4


Я думаю, что говорить о религиозности применительно к художникам, даже таким, как Тарковский или Бергман, — всегда сомнительно. Сомнительно, потому что это всегда определение того знака, который возникает в художественном пространстве и совершенно не зависит от веры, а зависит от цельности самого художественного высказывания. Если получается художественное «да», то, соответственно, возникает ощущение «да» религиозного, а на самом деле они, разумеется, не тождественны. Скажем, фильм «Причастие», со своей исключительной гармонией, дает «да», но это «да» — художественное. В «Молчании» определенно возникает «нет», Бог молчит. Этот молчащий Бог — скорее художественная незаконченность, недосказанность «Молчания». При этом подлинные, реальные «да» и “нет ” присутствуют в Бергмане обеих картин, но в «Причастии» “да ” очевиднее за счет того, что очевиднее художественный результат.

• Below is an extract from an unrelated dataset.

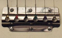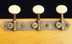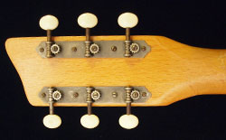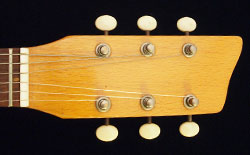 So what features suggest this guitar to be older than the very similar 1963 Vox Stroller also shown on this site? Firstly, and most obviously there is no serial number. These are usually stamped on the reverse of the guitar headstock, near the tuning keys. It seems that the very earliest Vox guitars may have had no serial numbers. On the other hand, Vox produced a self-assembled version of the Stroller at this time, called the Pacific kit. It may be that Pacific Stroller had no serial numbers, and this is one of those. Secondly, and probably more importantly, is the pickup. Although it looks the same as the Vox V1 pickup, and is functionally much the same, it is made to different dimensions, being wider and ever so slightly longer. What's more, these pickups are made to imperial rather than metric dimensions, and never feature a Vox logo on the pickup cover. Lastly, the screws throughout this guitar are all slot head design; pickguard, pickups, tuning keys; there are no exceptions. The 1963 Vox Stroller uses cross-head screws throughout, again without exception.

К сожалению, это обстоятельство, с которым критики как правило не считаются, а ведь художник все-таки слишком лукавое существо, чтобы искать в его произведениях однозначные «да» и «нет»… В Бергмане для Тарковского наиболее притягательным было прямое обращение к Богу, которое предпринимается, минуя все то, что для любого художника составляет необходимые условия высказывания и без чего вообще никакое художественное высказывание невозможно. В какой-то мере балансирование на грани внехудожественного в апелляции к Богу. Именно этому и пытался на свой манер соответствовать Тарковский и в «Рублеве», и в «Сталкере», и в «Ностальгии», и в «Жертвоприношении».